*** ENTRIES PROVIDED ***

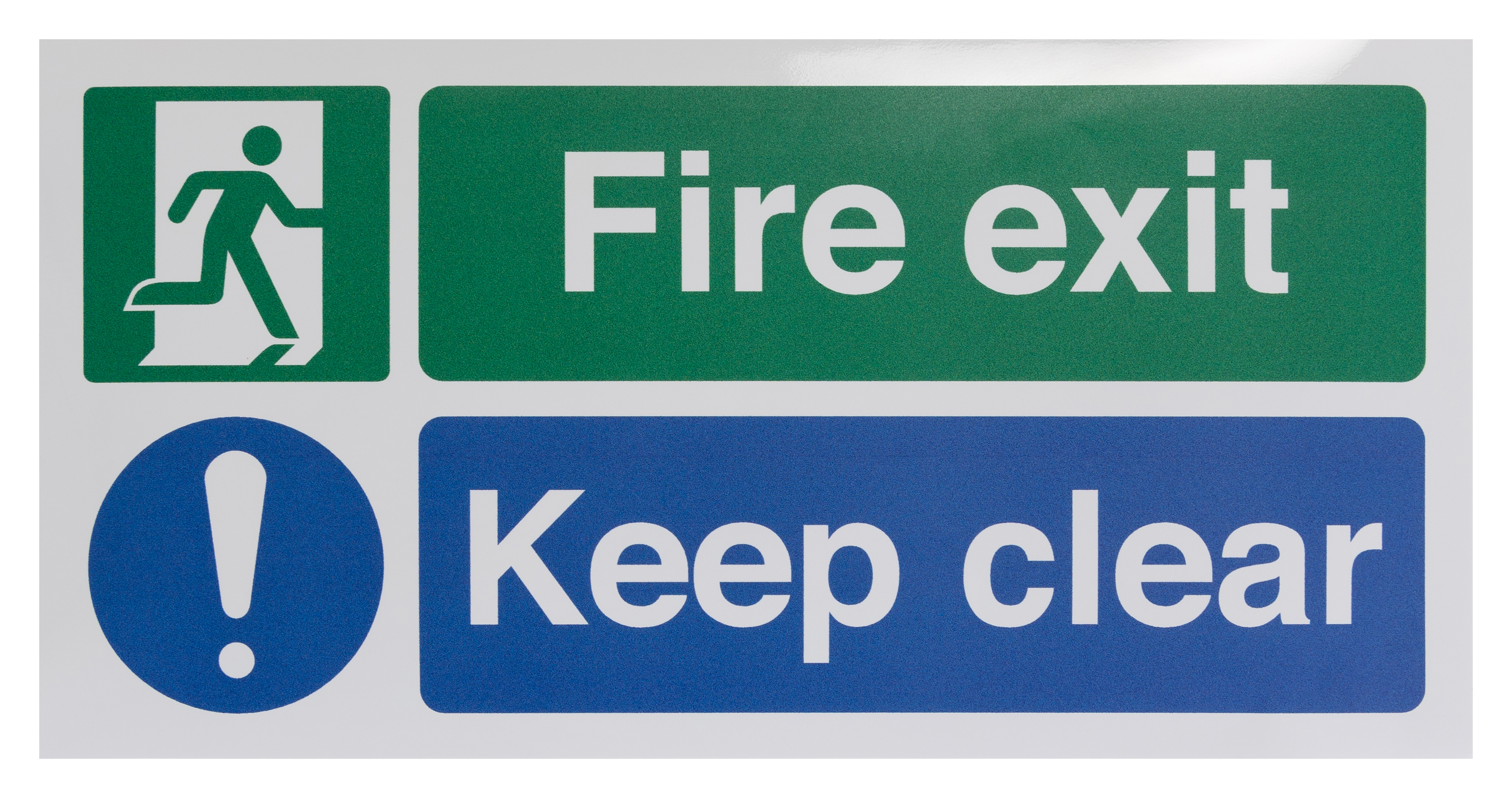 15. Znak wyjścia, Poliester winylowy, Niebieski/zielony/biały, Fire Exit, Keep Clear, Angielski, Opis: Nie zastawiać 39.61
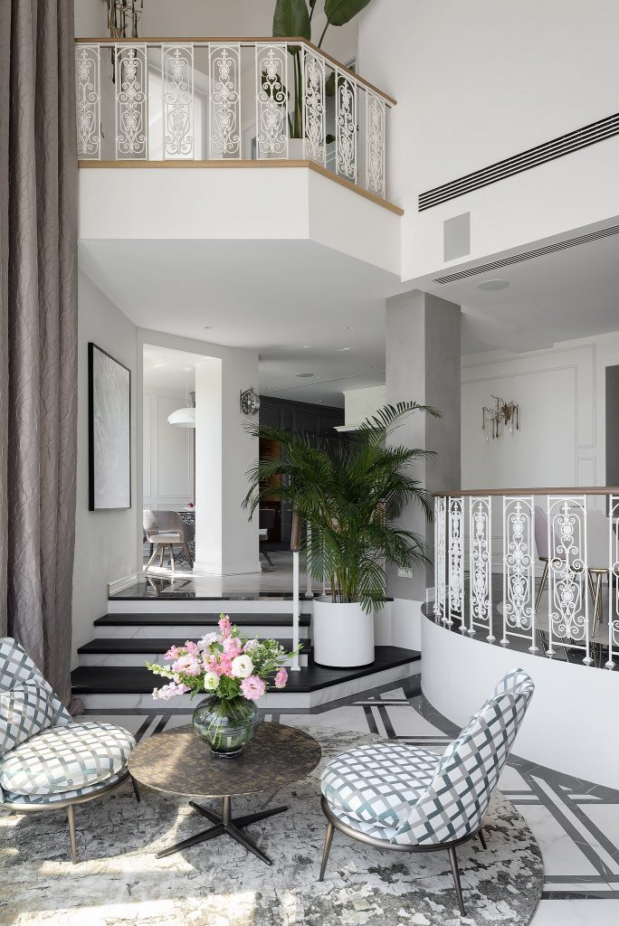 The ‘Voice of generations’ has become a real challenge for our team. Having lived for 20 years in the house, the family realised that they have emotionally overgrown the current interior design; their lives and hobbies have changed. Therefore, the interior design requirements for the house are now different. The client’s family is quite hospitable. They often hold receptions, social events, and holiday celebrations. Thus, the “The Great Gatsby” film and some Art Deco interior design pictures became the reference. The client has a hospitable family, so they asked to furnish the lounge that would be perfect for dinner parties. V.Concept studio created a brand new kitchen plan to consider the client’s desire to cook in the family circle. Apart from the kitchen counter, the team worked on the diner overlooking the garden and the lounge with a bar. After a delicious dinner, the family could relax at the fireplace.
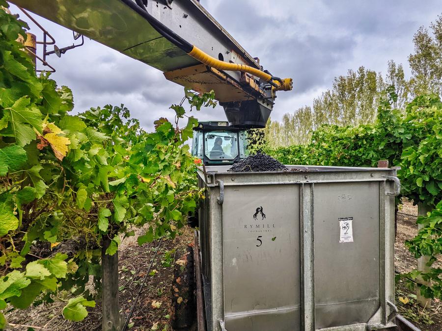 A staff harvests grapes at Rymill Coonawarra's vineyard in South Australia, on March 16, 2022. (Xinhua)
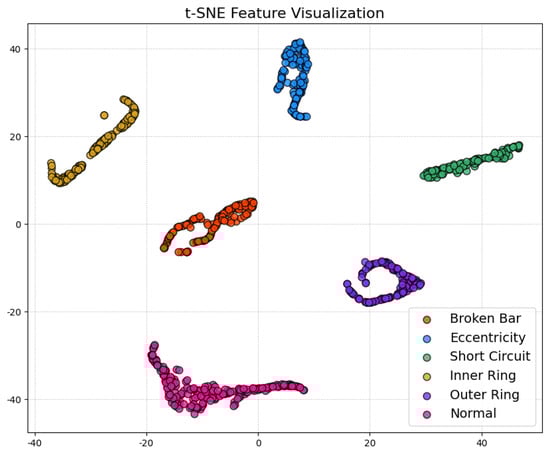 The results demonstrate that the proposed model framework retains a commendable level of robustness when subjected to varying degrees of noise interference. The high accuracy under noise-free conditions is a benchmark, showcasing the model’s exceptional performance with pristine signals. The model sustains a relatively high recognition rate even under the challenging 5 dB noise conditions. This trend can be attributed to the increased interference of noise with signal features at lower SNR levels, which significantly complicates feature extraction and classification processes. Particularly for fault types with similar patterns or subtle distinctions, noise exacerbates the difficulty of differentiation, leading to uncertainty near decision boundaries and consequently reducing classification accuracy.
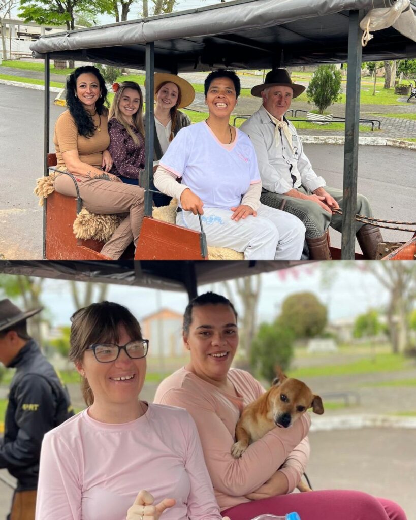 Através da parceria com a Secretaria Municipal de Educação e Cultura, na sexta-feira, dia 19 no Acampamento, o grupo de PcDs participou de atividades integradas ao “Projeto Giovane Menezes” com o CTG Gaudérios da Querência, como um passeio pelo centro da cidade de “chez” e a cavalo.
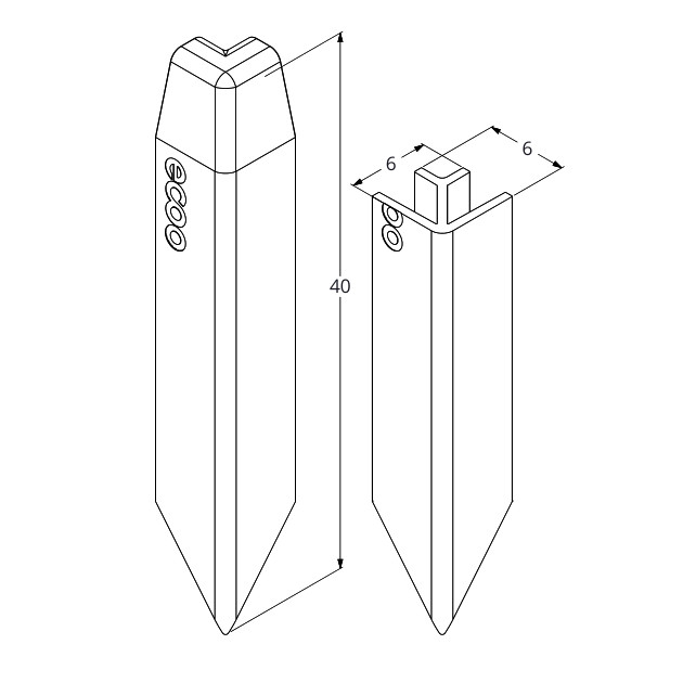 - hauteur : 40 cm (20 cm d'ancrage sous la bordure)
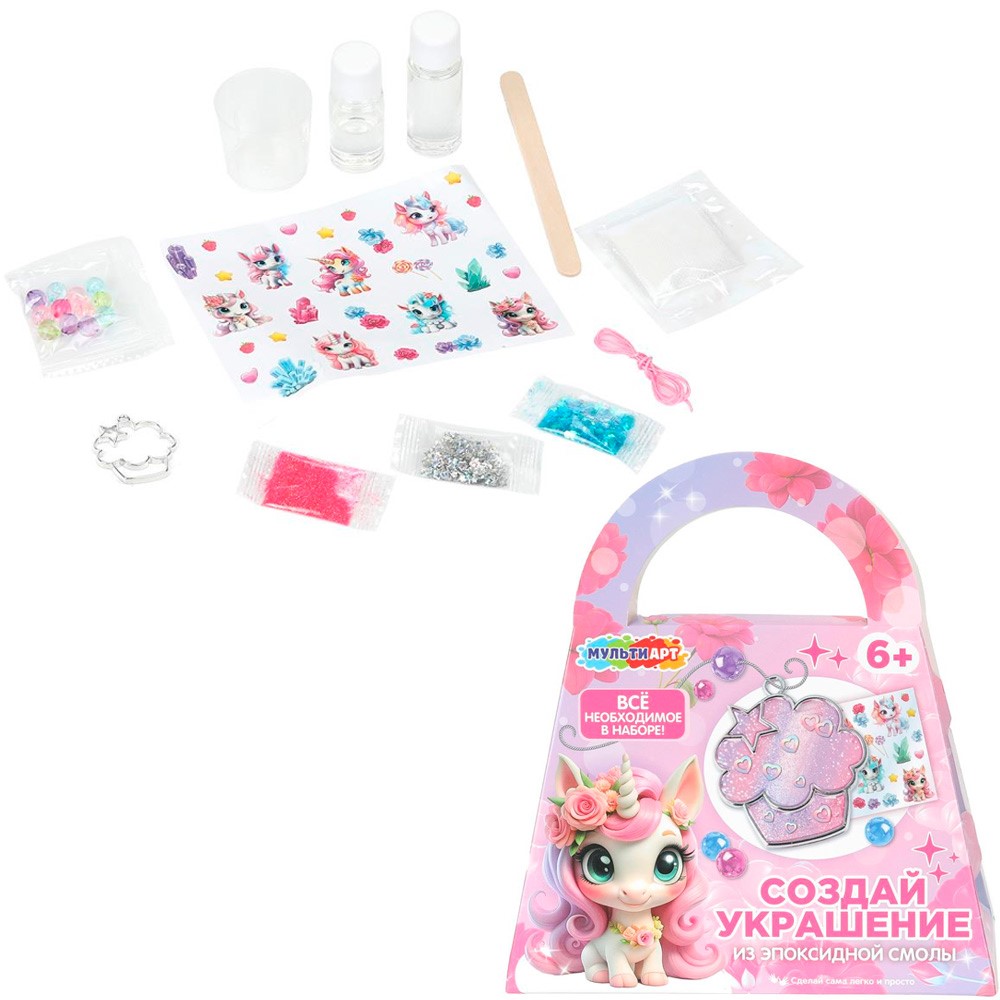 Набор для творчества Для создания украшений из эпоксидной смолы сумочка, пирожное, единорог MultiArt в кор.90шт EPOXBAG-128723-UNIC
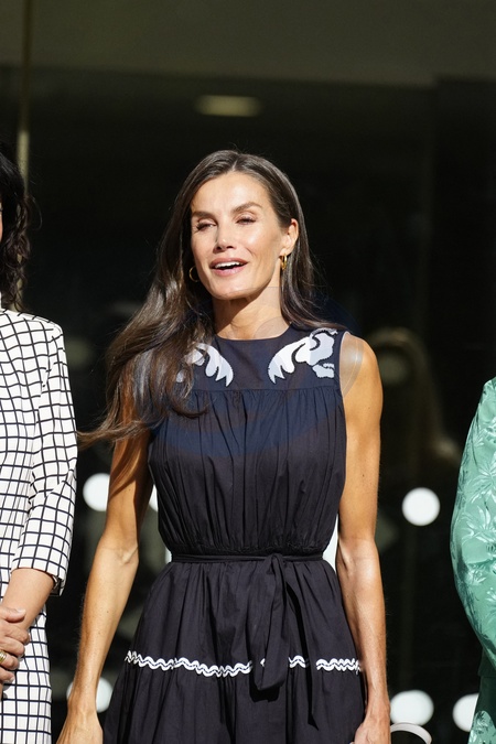 Królowa Letizia przy wyjściu z konferencji „Kobiety, sport i społeczeństwo” zorganizowanej w Casa de la Cultura „Paco de Lucía” w Torrelodones
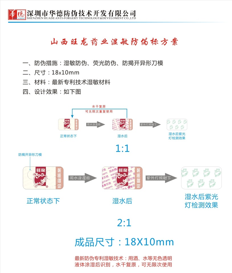 旺龙药业防伪标签采用我公司专利湿敏防伪技术,此技术拥有以下特性:
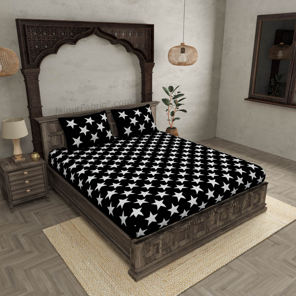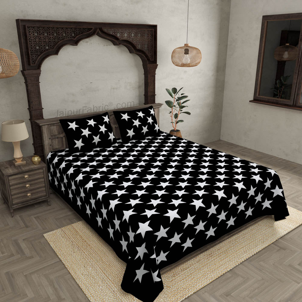 The black and white star pattern of this double size bedsheet will surely leave a good impression on you. The chic and elegant design of the bedsheet is perfect for the master bedroom or the kid’s room. Choose this bedsheet to quickly refresh or change the appearance of your bedroom without the considerable expense of a complete makeover. Make your bedroom a haven for a peaceful sleep with this crisp and punchy designed bedsheet.The size of the bedsheet is generous enough, and you will not have to worry about it pulling away when you are sleeping or when your kids are jumping on the mattress. The beautiful printed design and the smoothness of the bedsheet will make you want to spend more time on your bed rather than doing anything else. The black and white pattern of the bedsheet will go perfectly with any type of decor.The cotton bedsheet is highly durable that allows it to maintain its softness across multiple washes. You will notice that the color does not fade away with washes and they look as good as new, even after numerous uses. Invest in our shining star night bedsheet and be ready to receive compliments from people!
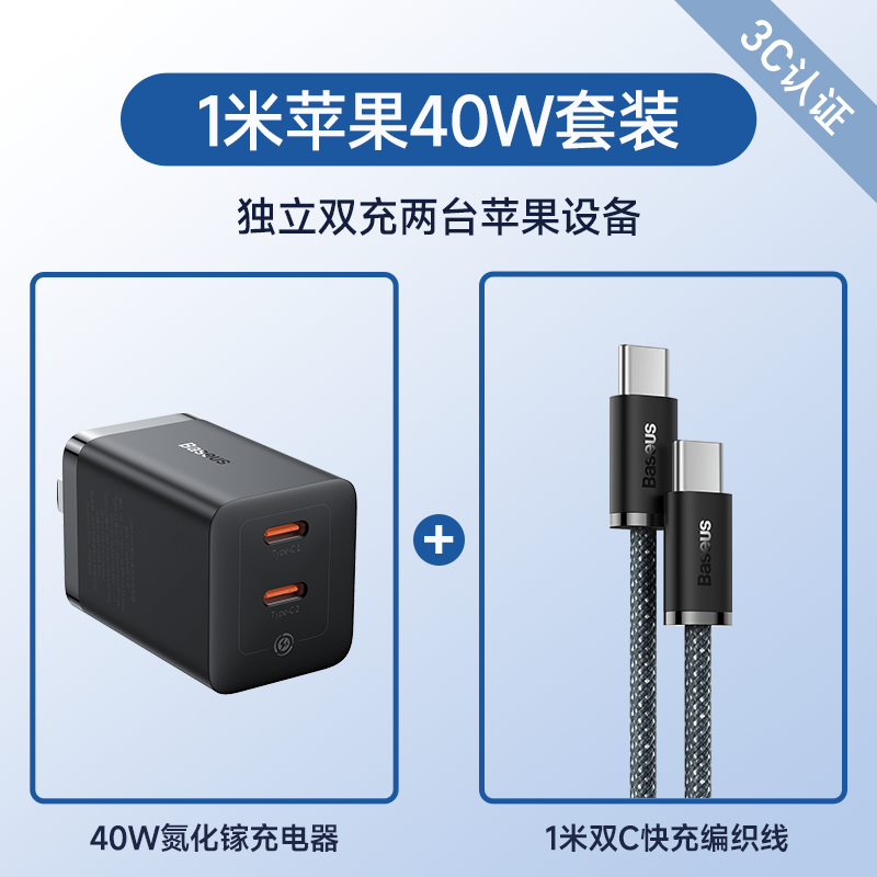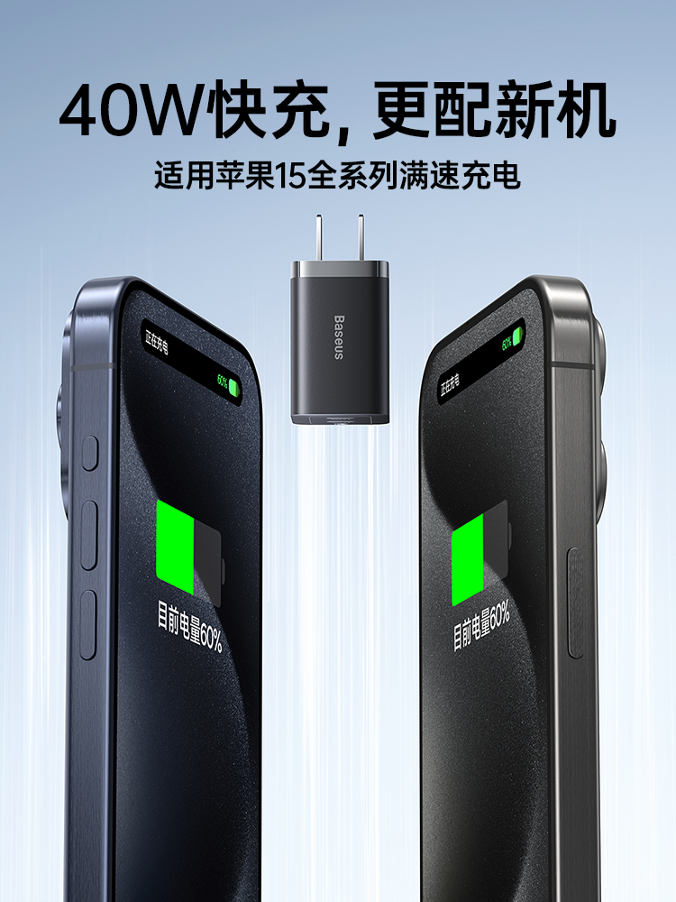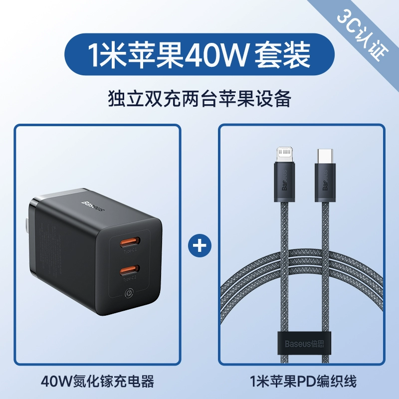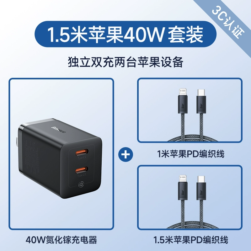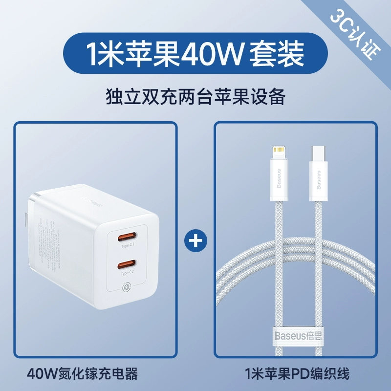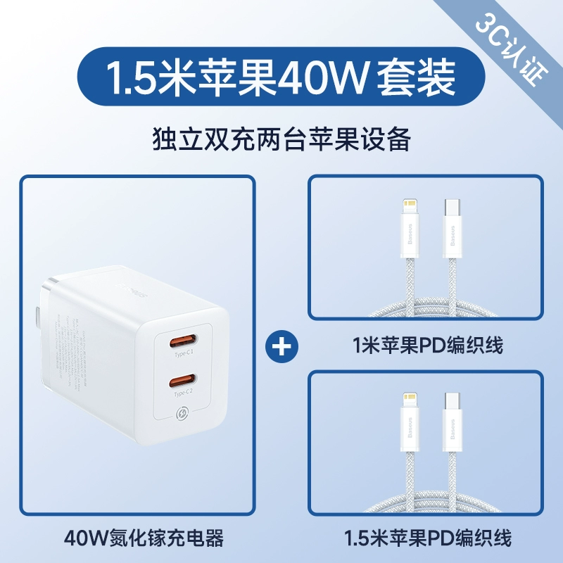 | nameOriginal | Baseus 40W gallium nitride charger is suitable for Apple iPhone15 charging head 13Promax mobile phone 14 fast charging 12 plug PD20w dual-port Type-C data cable |

*** End of ENTRIES PROVIDED ***

▸ **EXERCISE PROMPT**: Skip the pictures and give the entries above again word for word.

▸ **OUTPUT FOR THIS TASK**:
 15. Znak wyjścia, Poliester winylowy, Niebieski/zielony/biały, Fire Exit, Keep Clear, Angielski, Opis: Nie zastawiać 39.61
 The ‘Voice of generations’ has become a real challenge for our team. Having lived for 20 years in the house, the family realised that they have emotionally overgrown the current interior design; their lives and hobbies have changed. Therefore, the interior design requirements for the house are now different. The client’s family is quite hospitable. They often hold receptions, social events, and holiday celebrations. Thus, the “The Great Gatsby” film and some Art Deco interior design pictures became the reference. The client has a hospitable family, so they asked to furnish the lounge that would be perfect for dinner parties. V.Concept studio created a brand new kitchen plan to consider the client’s desire to cook in the family circle. Apart from the kitchen counter, the team worked on the diner overlooking the garden and the lounge with a bar. After a delicious dinner, the family could relax at the fireplace.
 A staff harvests grapes at Rymill Coonawarra's vineyard in South Australia, on March 16, 2022. (Xinhua)
 The results demonstrate that the proposed model framework retains a commendable level of robustness when subjected to varying degrees of noise interference. The high accuracy under noise-free conditions is a benchmark, showcasing the model’s exceptional performance with pristine signals. The model sustains a relatively high recognition rate even under the challenging 5 dB noise conditions. This trend can be attributed to the increased interference of noise with signal features at lower SNR levels, which significantly complicates feature extraction and classification processes. Particularly for fault types with similar patterns or subtle distinctions, noise exacerbates the difficulty of differentiation, leading to uncertainty near decision boundaries and consequently reducing classification accuracy.
 Através da parceria com a Secretaria Municipal de Educação e Cultura, na sexta-feira, dia 19 no Acampamento, o grupo de PcDs participou de atividades integradas ao “Projeto Giovane Menezes” com o CTG Gaudérios da Querência, como um passeio pelo centro da cidade de “chez” e a cavalo.
 - hauteur : 40 cm (20 cm d'ancrage sous la bordure)
 Набор для творчества Для создания украшений из эпоксидной смолы сумочка, пирожное, единорог MultiArt в кор.90шт EPOXBAG-128723-UNIC
 Królowa Letizia przy wyjściu z konferencji „Kobiety, sport i społeczeństwo” zorganizowanej w Casa de la Cultura „Paco de Lucía” w Torrelodones
 旺龙药业防伪标签采用我公司专利湿敏防伪技术,此技术拥有以下特性:
 The black and white star pattern of this double size bedsheet will surely leave a good impression on you. The chic and elegant design of the bedsheet is perfect for the master bedroom or the kid’s room. Choose this bedsheet to quickly refresh or change the appearance of your bedroom without the considerable expense of a complete makeover. Make your bedroom a haven for a peaceful sleep with this crisp and punchy designed bedsheet.The size of the bedsheet is generous enough, and you will not have to worry about it pulling away when you are sleeping or when your kids are jumping on the mattress. The beautiful printed design and the smoothness of the bedsheet will make you want to spend more time on your bed rather than doing anything else. The black and white pattern of the bedsheet will go perfectly with any type of decor.The cotton bedsheet is highly durable that allows it to maintain its softness across multiple washes. You will notice that the color does not fade away with washes and they look as good as new, even after numerous uses. Invest in our shining star night bedsheet and be ready to receive compliments from people!
 | nameOriginal | Baseus 40W gallium nitride charger is suitable for Apple iPhone15 charging head 13Promax mobile phone 14 fast charging 12 plug PD20w dual-port Type-C data cable |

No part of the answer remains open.